(Data entries)
****************************************
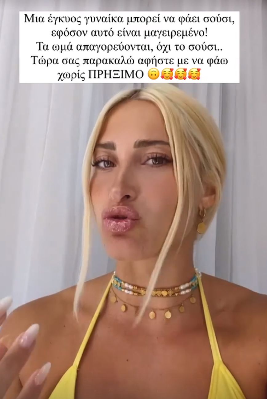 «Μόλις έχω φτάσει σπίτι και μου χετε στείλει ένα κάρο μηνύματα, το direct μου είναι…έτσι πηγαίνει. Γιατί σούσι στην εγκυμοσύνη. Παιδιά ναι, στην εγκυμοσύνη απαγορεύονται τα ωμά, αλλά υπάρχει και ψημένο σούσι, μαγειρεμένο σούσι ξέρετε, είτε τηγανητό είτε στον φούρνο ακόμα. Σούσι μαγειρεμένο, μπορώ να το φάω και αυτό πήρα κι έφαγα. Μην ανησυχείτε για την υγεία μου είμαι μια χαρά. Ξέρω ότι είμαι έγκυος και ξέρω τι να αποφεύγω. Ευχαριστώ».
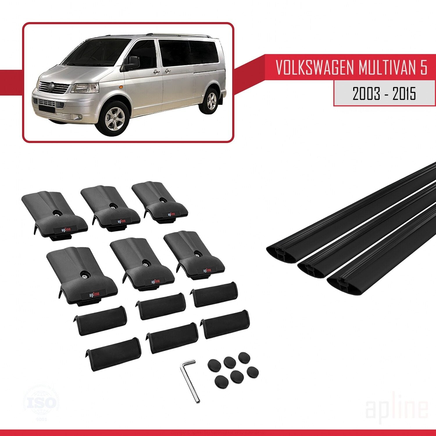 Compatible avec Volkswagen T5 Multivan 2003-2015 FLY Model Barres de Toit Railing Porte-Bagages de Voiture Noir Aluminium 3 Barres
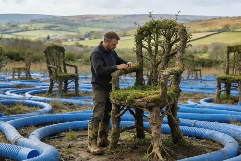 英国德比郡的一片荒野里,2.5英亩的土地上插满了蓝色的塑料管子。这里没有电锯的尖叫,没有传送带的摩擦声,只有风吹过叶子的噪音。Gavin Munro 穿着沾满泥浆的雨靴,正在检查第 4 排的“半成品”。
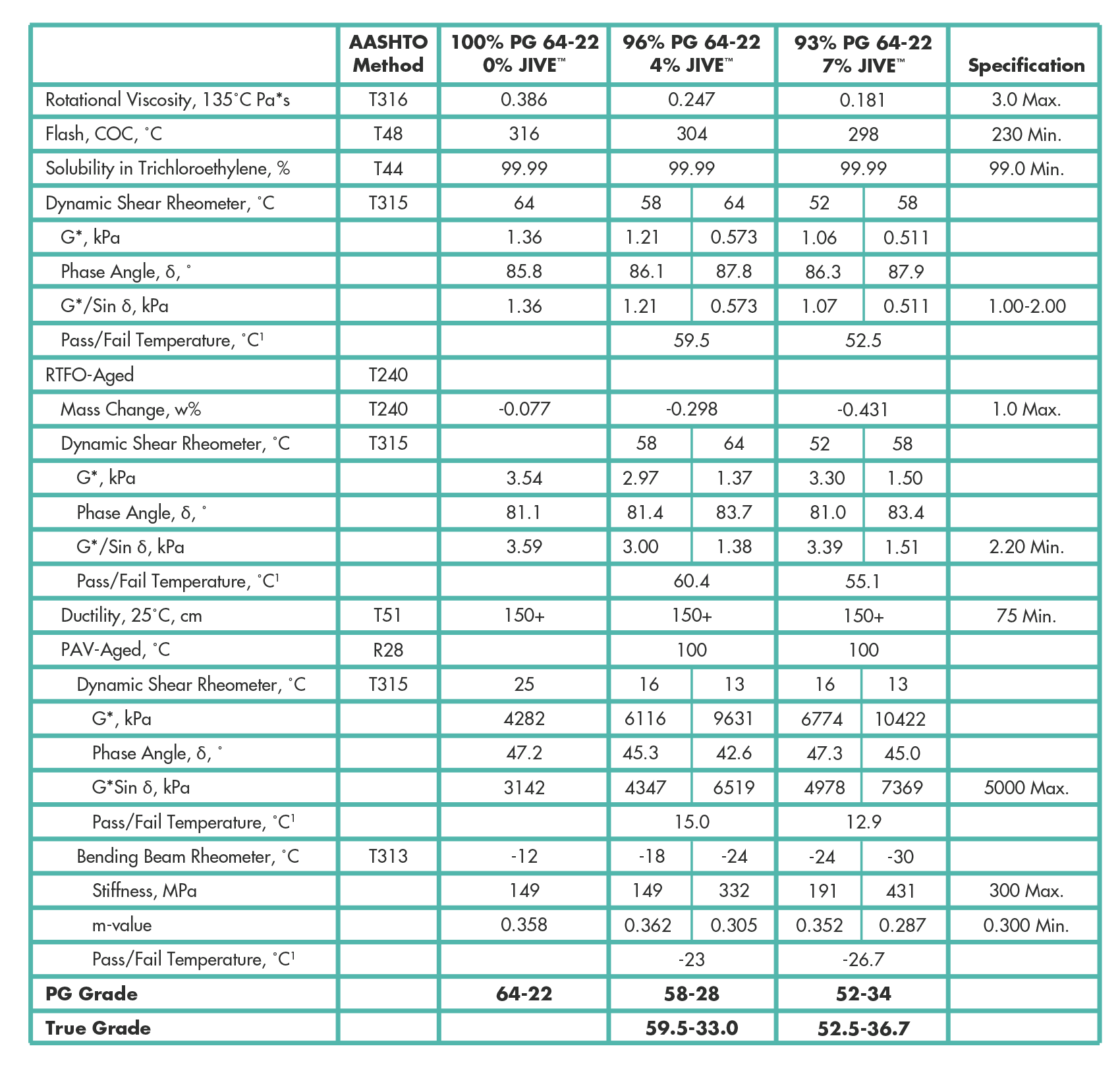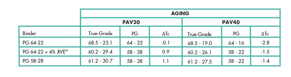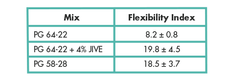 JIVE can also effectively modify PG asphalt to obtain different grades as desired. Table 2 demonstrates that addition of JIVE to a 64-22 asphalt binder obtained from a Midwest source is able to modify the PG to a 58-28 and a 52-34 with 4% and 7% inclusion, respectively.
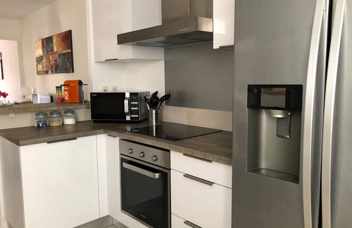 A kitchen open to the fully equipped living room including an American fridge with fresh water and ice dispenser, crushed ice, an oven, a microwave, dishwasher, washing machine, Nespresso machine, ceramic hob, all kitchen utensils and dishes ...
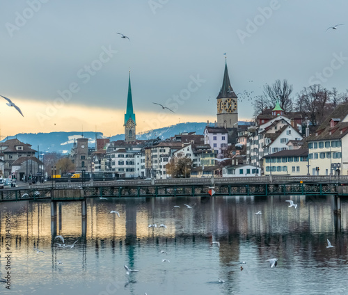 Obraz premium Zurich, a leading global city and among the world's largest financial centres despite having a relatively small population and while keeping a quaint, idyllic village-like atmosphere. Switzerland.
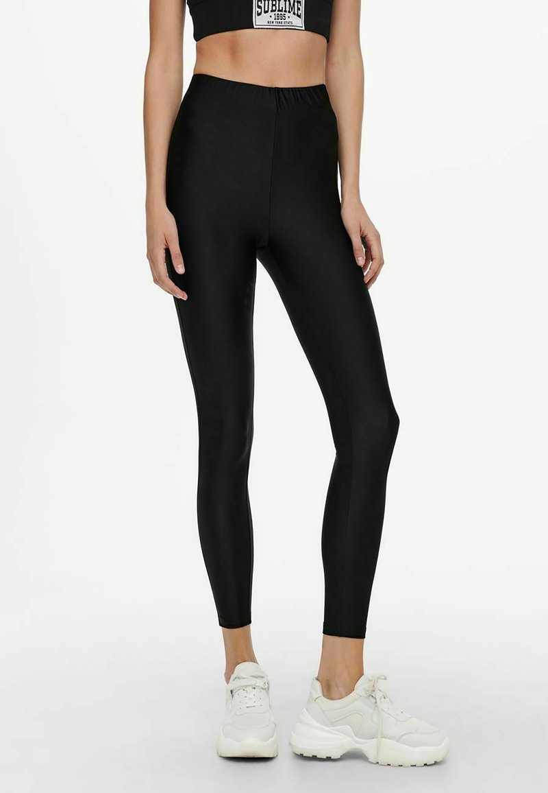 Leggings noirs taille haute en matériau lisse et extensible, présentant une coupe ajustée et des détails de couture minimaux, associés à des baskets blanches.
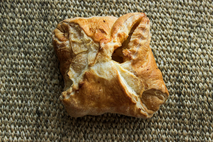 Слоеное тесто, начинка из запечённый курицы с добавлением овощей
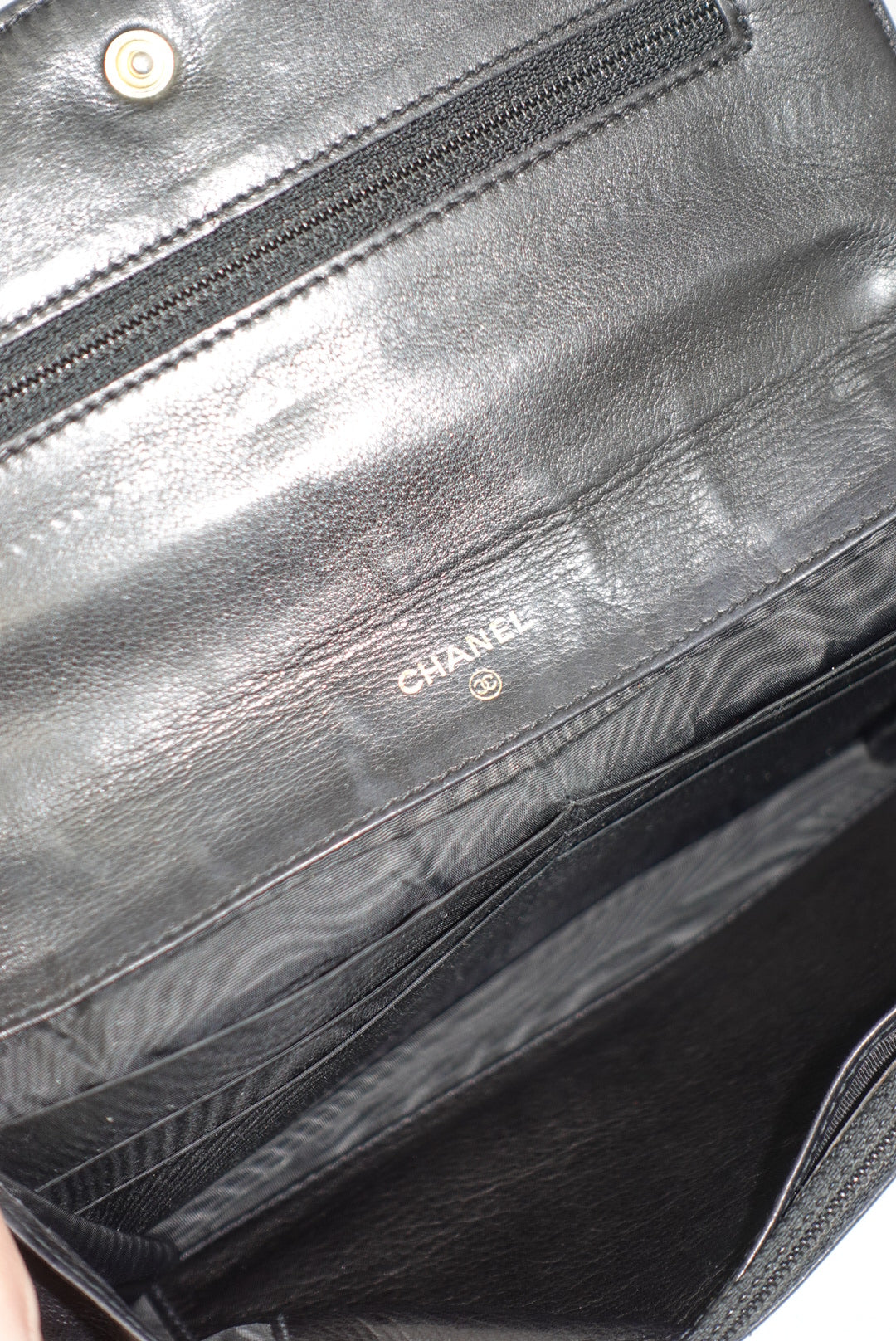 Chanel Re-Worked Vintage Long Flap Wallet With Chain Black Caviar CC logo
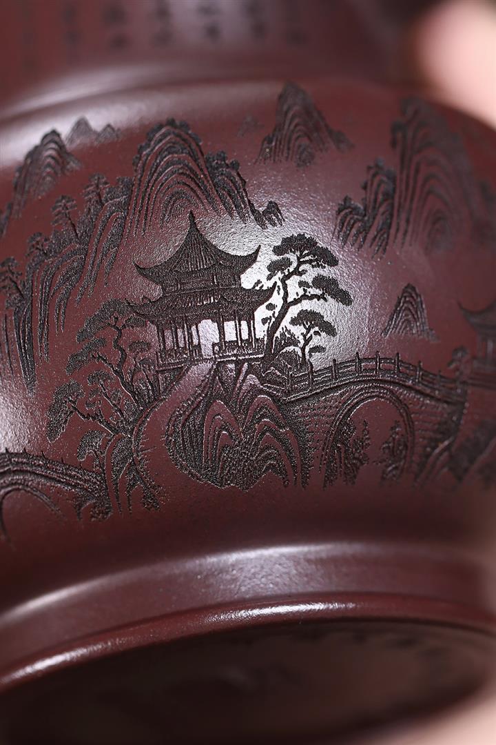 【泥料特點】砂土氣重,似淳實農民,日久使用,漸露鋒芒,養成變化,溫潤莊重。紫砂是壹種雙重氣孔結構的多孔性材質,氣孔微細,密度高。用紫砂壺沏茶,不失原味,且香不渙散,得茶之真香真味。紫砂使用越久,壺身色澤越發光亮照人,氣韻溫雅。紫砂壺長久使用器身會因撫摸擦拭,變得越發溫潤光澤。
****************************************
#### [About this exercise]
When you reach the line with "Leggings noirs taille" in the entries above, start copying, and go on word for word to the last line; skip any picture.

#### [Result for this exercise]
 Leggings noirs taille haute en matériau lisse et extensible, présentant une coupe ajustée et des détails de couture minimaux, associés à des baskets blanches.
 Слоеное тесто, начинка из запечённый курицы с добавлением овощей
 Chanel Re-Worked Vintage Long Flap Wallet With Chain Black Caviar CC logo
 【泥料特點】砂土氣重,似淳實農民,日久使用,漸露鋒芒,養成變化,溫潤莊重。紫砂是壹種雙重氣孔結構的多孔性材質,氣孔微細,密度高。用紫砂壺沏茶,不失原味,且香不渙散,得茶之真香真味。紫砂使用越久,壺身色澤越發光亮照人,氣韻溫雅。紫砂壺長久使用器身會因撫摸擦拭,變得越發溫潤光澤。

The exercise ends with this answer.